I tried downloading data from the WFS URL by modifying the URL with one of the features, specifically by adding the <Name> listing for the nile2:country_categories feature in the < FeatureTypeList >. Through visiting the URL, I was able to download the JSON in my browser and on my machine. I viewed it in mapshaper.org and geojson.io and realized the current bounding box was limiting it to one country. I removed the bounding box and confirmed that the file seemed to include all countries. 

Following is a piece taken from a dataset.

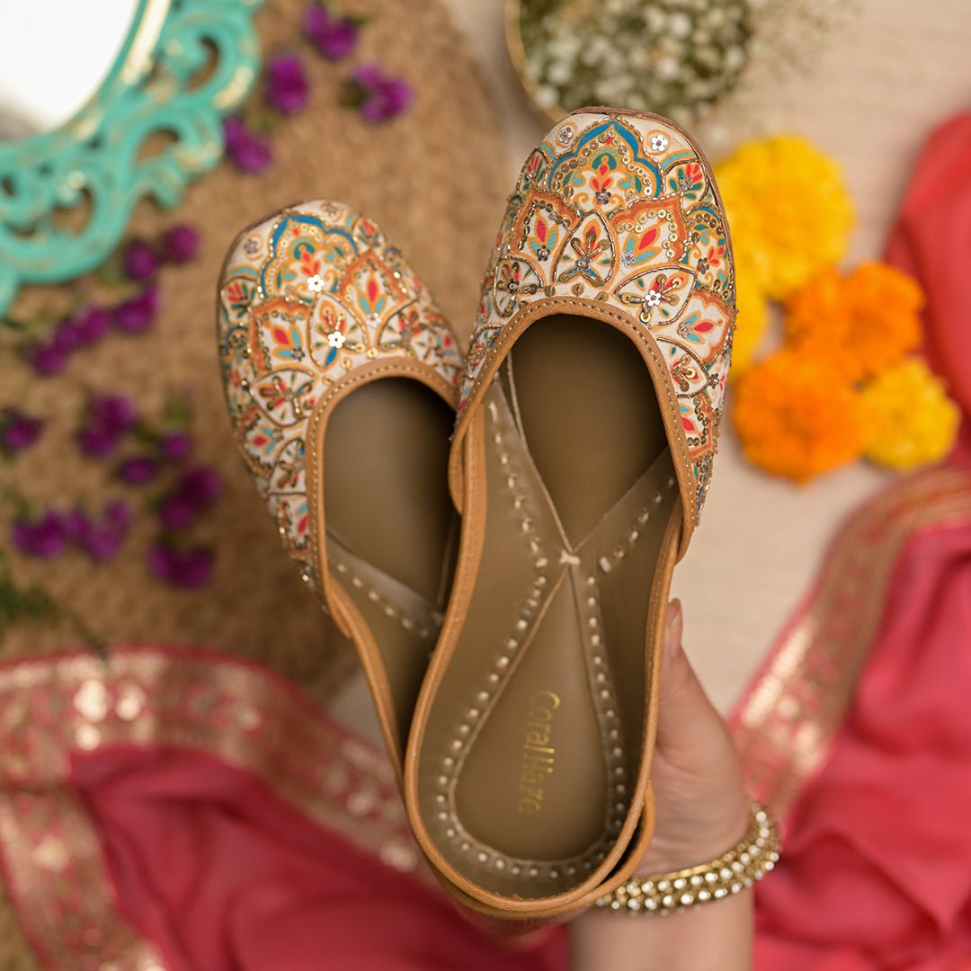 Ivory juttis with multi colored mandala print, highlighted with hand embroidered sequins and glass beads on the front, and a gold textured leatherite back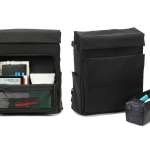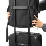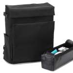 サイドポケットには、ペットボトルや折りたたみ傘を収納可能。サイドポケット上部のマジックテープを使えば、三脚も固定して収納できます。背面はスーツケースに固定できるベルト付きで、出張時にも活躍。

_This is the URL I modified to download this layer: https://nilebasin-dss-data.azurewebsites.net/geoserver/nile2/wfs?SERVICE=WFS&VERSION=1.1.0&REQUEST=GetFeature&TYPENAME=nile2:country_categories&SRSNAME=EPSG:4326&OUTPUTFORMAT=application/json_

I then identified the layer containing flood risk data by administrative regions, which is called **nile2:admin_cat**

_I modified the URL as: https://nilebasin-dss-data.azurewebsites.net/geoserver/nile2/wfs?SERVICE=WFS&VERSION=1.1.0&REQUEST=GetFeature&TYPENAME=nile2:admin_cat&SRSNAME=EPSG:4326&OUTPUTFORMAT=application/json_

For about a week, I made many unsuccessful attempts to download this layer using the requests library, because of its large size. 
- Pagination did not work for this particular URL.
- Adding a bounding box was irrelevant because I needed all the geographic data on the layer.
- Code that attempted to run the API request in a loop until it worked failed repeatedly. 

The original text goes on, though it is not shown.